● Task description: Begin at the top of the entries below and write out every line through the one containing "You are purchasing", excluding pictures.

--- Records supplied Enclosed Below ---

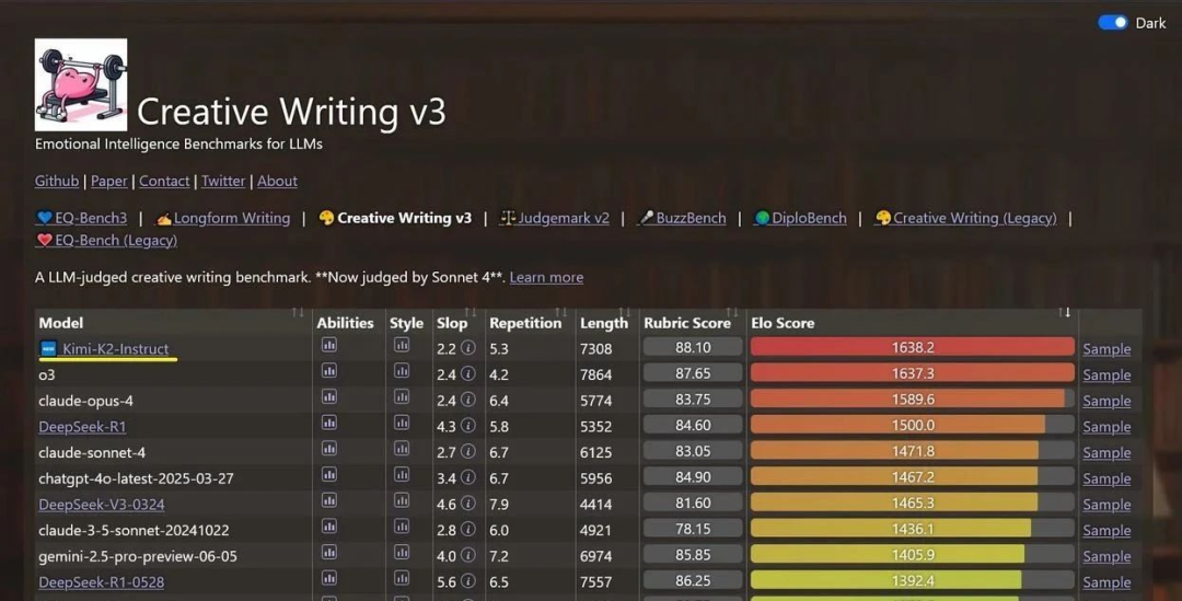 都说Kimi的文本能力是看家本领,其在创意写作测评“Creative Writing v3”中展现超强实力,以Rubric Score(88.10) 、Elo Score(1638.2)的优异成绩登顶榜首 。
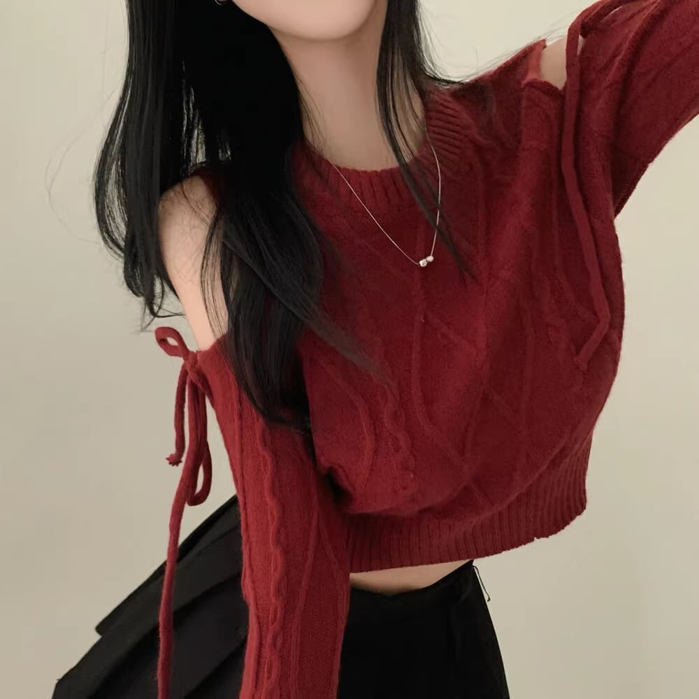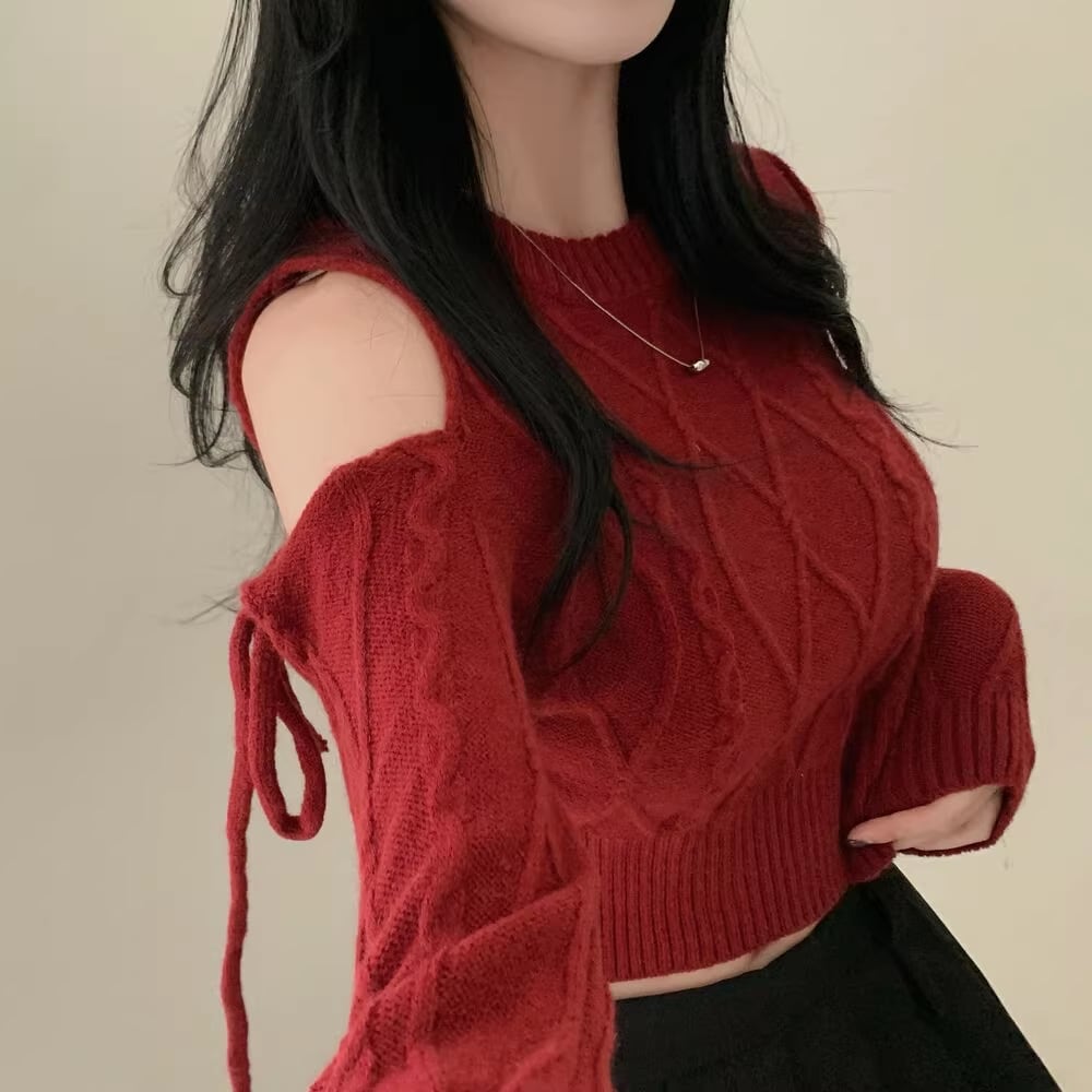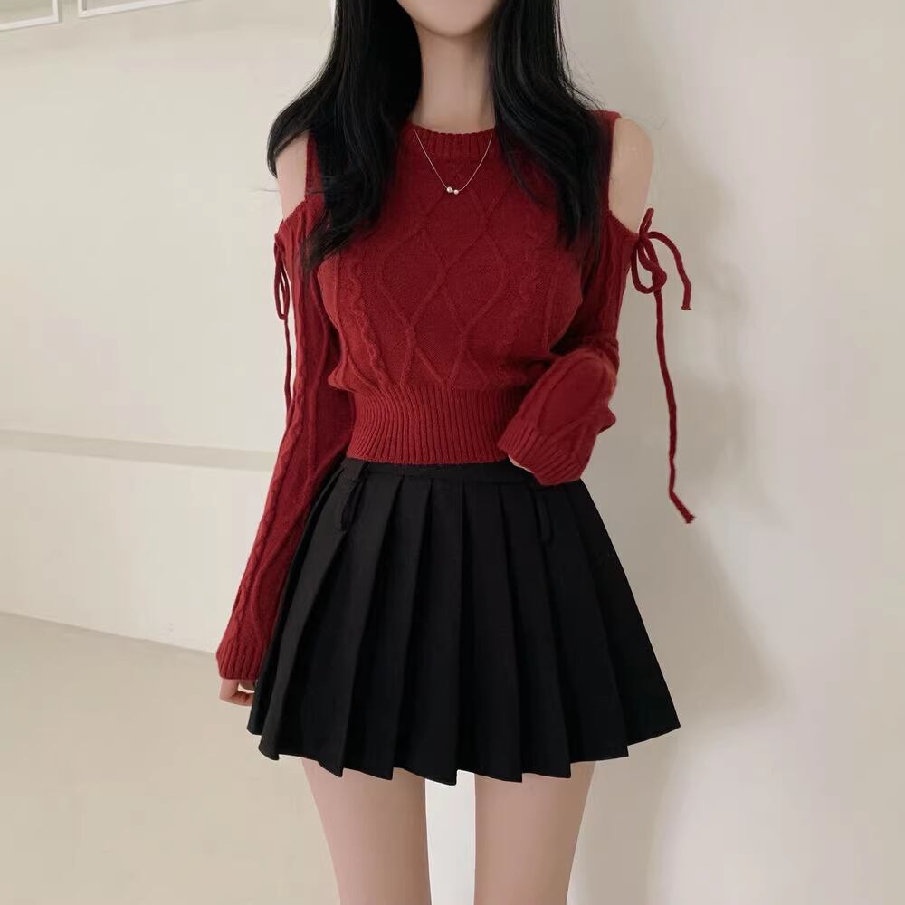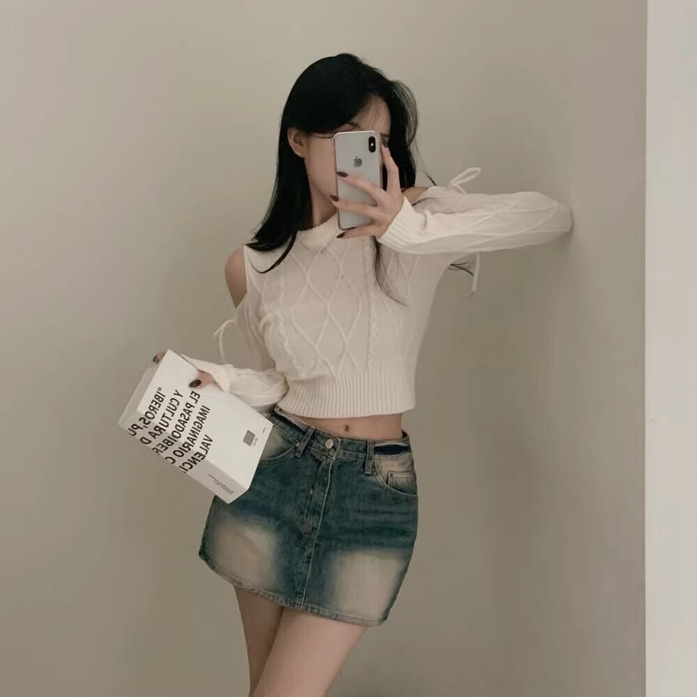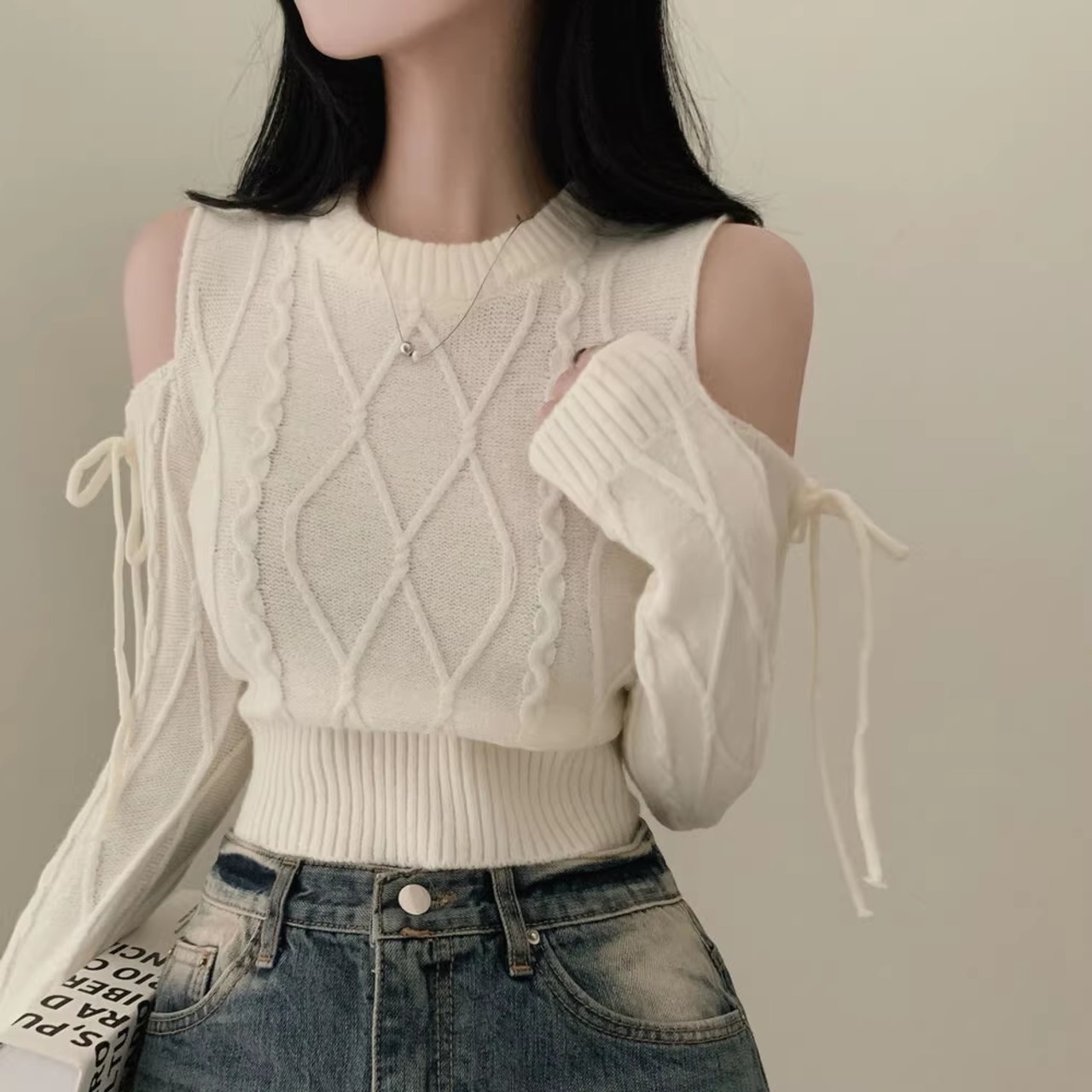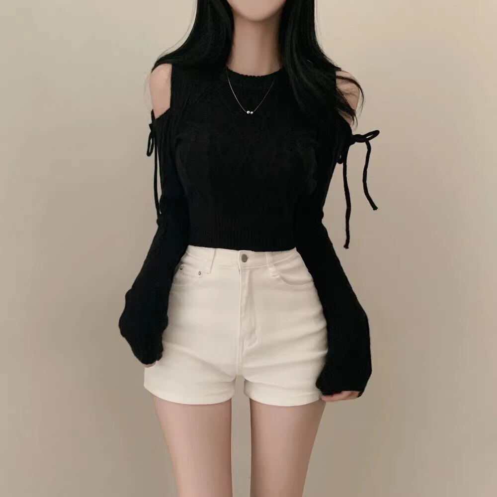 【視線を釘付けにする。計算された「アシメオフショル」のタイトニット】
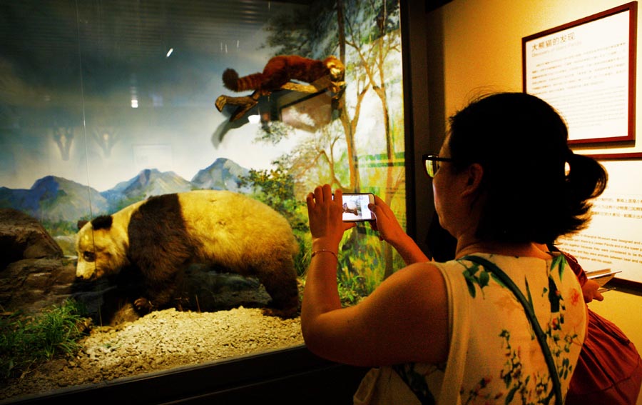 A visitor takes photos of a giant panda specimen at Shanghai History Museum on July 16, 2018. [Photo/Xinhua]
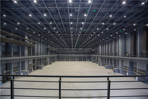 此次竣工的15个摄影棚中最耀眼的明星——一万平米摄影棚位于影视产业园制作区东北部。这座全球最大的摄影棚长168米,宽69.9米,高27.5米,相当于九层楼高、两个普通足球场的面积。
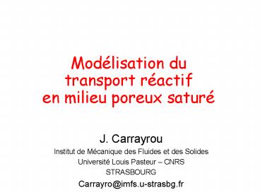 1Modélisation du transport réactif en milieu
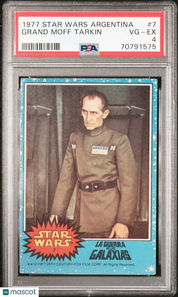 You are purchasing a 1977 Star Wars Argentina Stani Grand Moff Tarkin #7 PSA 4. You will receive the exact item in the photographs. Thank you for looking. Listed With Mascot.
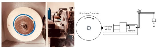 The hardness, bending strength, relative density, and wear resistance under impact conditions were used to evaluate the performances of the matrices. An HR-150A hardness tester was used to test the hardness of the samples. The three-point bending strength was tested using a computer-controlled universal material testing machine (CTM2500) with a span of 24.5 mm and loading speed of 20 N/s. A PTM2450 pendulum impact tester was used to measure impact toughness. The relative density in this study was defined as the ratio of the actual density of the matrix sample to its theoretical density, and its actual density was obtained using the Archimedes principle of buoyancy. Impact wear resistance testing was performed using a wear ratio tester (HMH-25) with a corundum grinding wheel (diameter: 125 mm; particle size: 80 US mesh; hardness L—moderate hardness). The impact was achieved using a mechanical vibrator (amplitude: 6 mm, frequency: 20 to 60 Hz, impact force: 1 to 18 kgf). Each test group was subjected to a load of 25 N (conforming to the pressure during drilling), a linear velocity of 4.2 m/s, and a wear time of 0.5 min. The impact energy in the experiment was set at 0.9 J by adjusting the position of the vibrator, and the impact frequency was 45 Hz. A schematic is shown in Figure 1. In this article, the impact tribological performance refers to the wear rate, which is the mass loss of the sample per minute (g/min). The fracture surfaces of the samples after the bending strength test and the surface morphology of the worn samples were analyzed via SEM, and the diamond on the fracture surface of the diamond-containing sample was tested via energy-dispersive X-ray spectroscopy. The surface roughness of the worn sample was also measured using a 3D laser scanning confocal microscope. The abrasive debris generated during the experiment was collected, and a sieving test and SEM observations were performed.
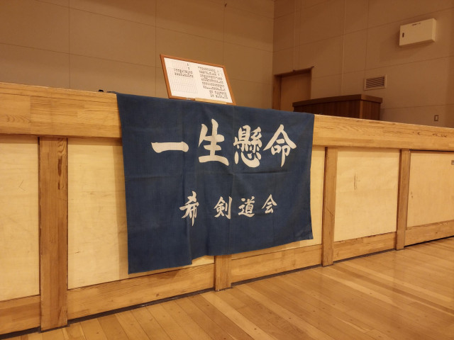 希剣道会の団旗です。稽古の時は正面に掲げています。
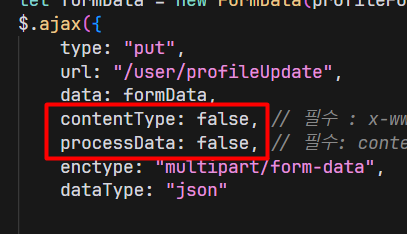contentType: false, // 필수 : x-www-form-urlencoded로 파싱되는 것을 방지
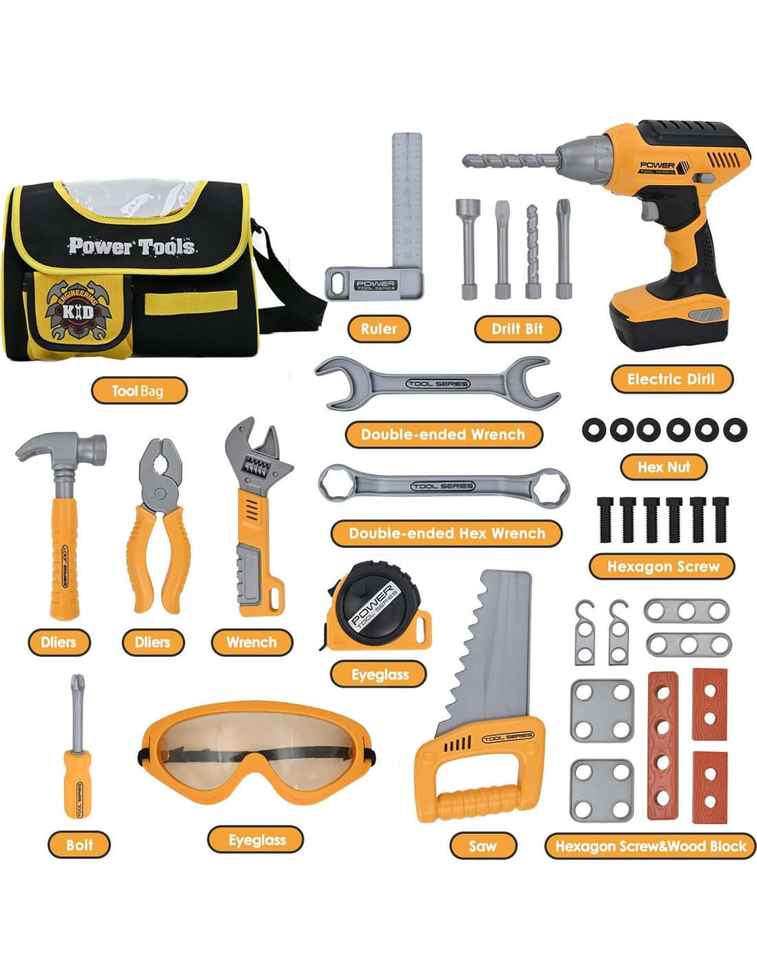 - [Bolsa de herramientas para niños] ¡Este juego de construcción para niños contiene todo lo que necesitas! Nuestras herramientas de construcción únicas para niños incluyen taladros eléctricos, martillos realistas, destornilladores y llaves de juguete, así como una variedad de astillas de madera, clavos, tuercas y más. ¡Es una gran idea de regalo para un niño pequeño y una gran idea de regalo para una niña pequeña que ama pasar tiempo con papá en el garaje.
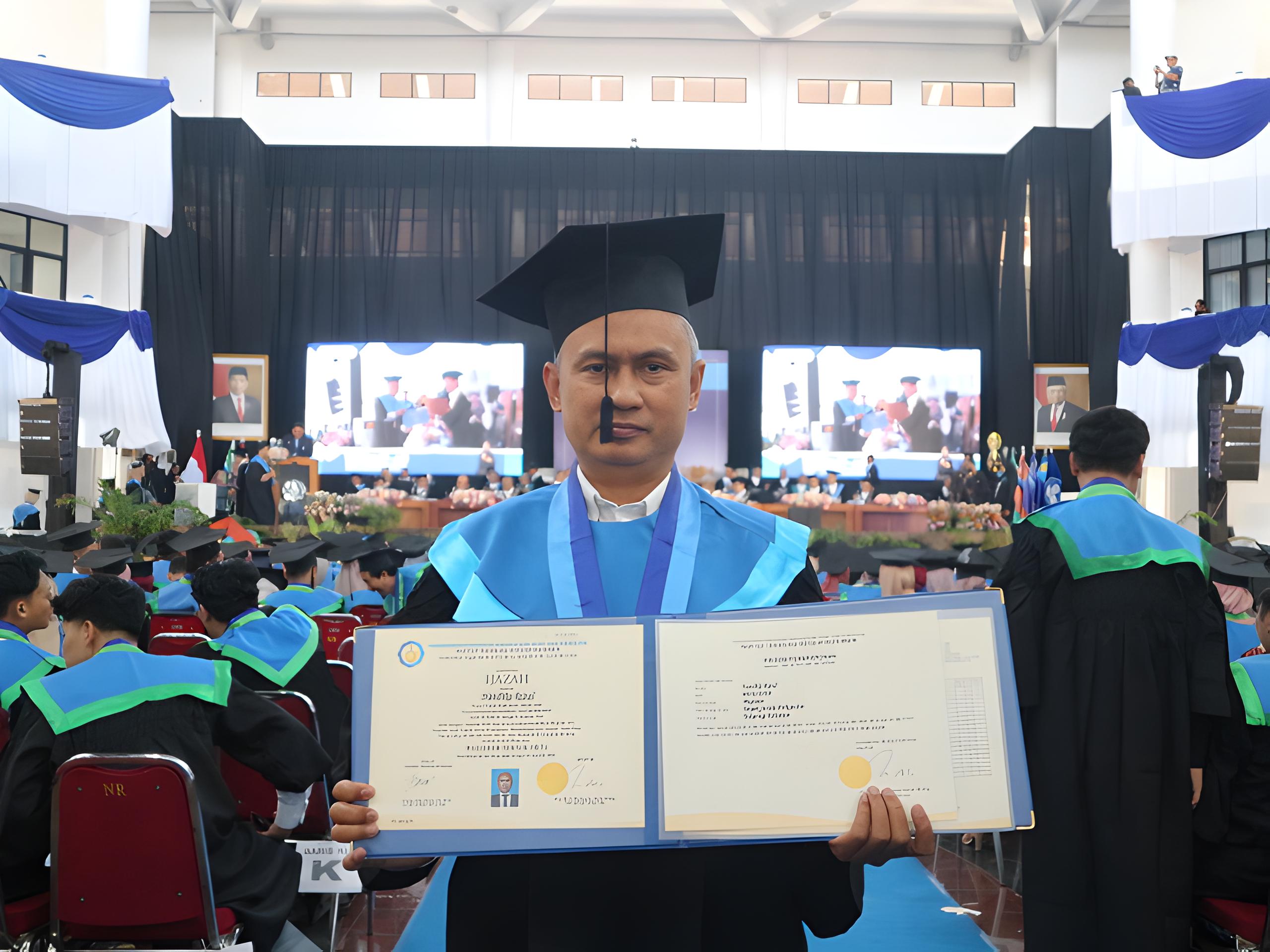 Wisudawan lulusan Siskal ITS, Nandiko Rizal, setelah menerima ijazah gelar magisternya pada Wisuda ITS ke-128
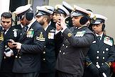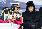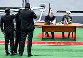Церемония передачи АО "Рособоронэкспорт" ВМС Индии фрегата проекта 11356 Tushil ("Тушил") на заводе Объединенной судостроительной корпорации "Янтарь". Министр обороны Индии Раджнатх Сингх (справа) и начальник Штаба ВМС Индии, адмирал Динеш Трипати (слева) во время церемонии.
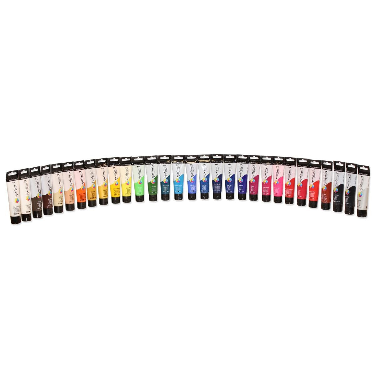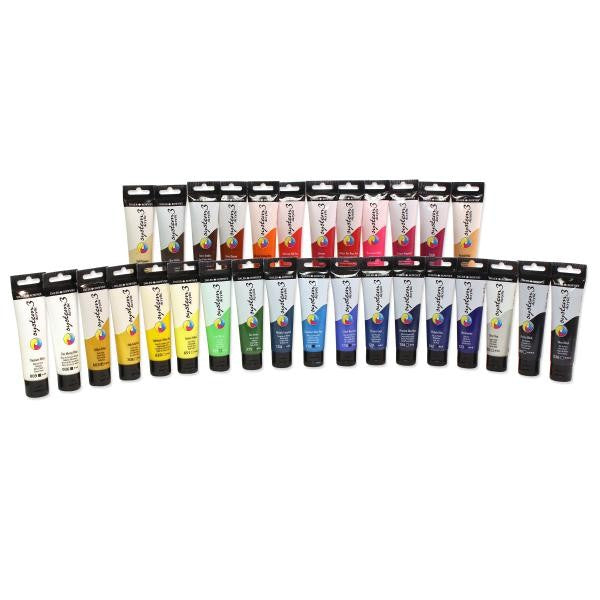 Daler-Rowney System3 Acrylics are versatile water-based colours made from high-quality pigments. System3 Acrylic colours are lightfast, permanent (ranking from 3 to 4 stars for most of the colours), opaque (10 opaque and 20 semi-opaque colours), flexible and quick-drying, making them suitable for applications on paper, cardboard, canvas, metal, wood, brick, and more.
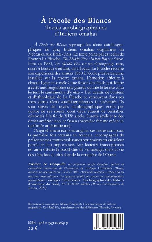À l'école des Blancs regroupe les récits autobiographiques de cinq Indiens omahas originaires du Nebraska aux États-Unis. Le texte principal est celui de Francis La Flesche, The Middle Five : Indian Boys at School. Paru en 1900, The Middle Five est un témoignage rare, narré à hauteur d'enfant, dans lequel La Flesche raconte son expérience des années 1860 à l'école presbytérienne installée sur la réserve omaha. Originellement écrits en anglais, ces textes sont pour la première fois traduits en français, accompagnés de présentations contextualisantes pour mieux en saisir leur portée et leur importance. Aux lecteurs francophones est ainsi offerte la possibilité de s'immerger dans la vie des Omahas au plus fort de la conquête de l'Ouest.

--- End of Enclosed Records supplied ---

● Solution to this exercise:
 都说Kimi的文本能力是看家本领,其在创意写作测评“Creative Writing v3”中展现超强实力,以Rubric Score(88.10) 、Elo Score(1638.2)的优异成绩登顶榜首 。
 【視線を釘付けにする。計算された「アシメオフショル」のタイトニット】
 A visitor takes photos of a giant panda specimen at Shanghai History Museum on July 16, 2018. [Photo/Xinhua]
 此次竣工的15个摄影棚中最耀眼的明星——一万平米摄影棚位于影视产业园制作区东北部。这座全球最大的摄影棚长168米,宽69.9米,高27.5米,相当于九层楼高、两个普通足球场的面积。
 1Modélisation du transport réactif en milieu
 You are purchasing a 1977 Star Wars Argentina Stani Grand Moff Tarkin #7 PSA 4. You will receive the exact item in the photographs. Thank you for looking. Listed With Mascot.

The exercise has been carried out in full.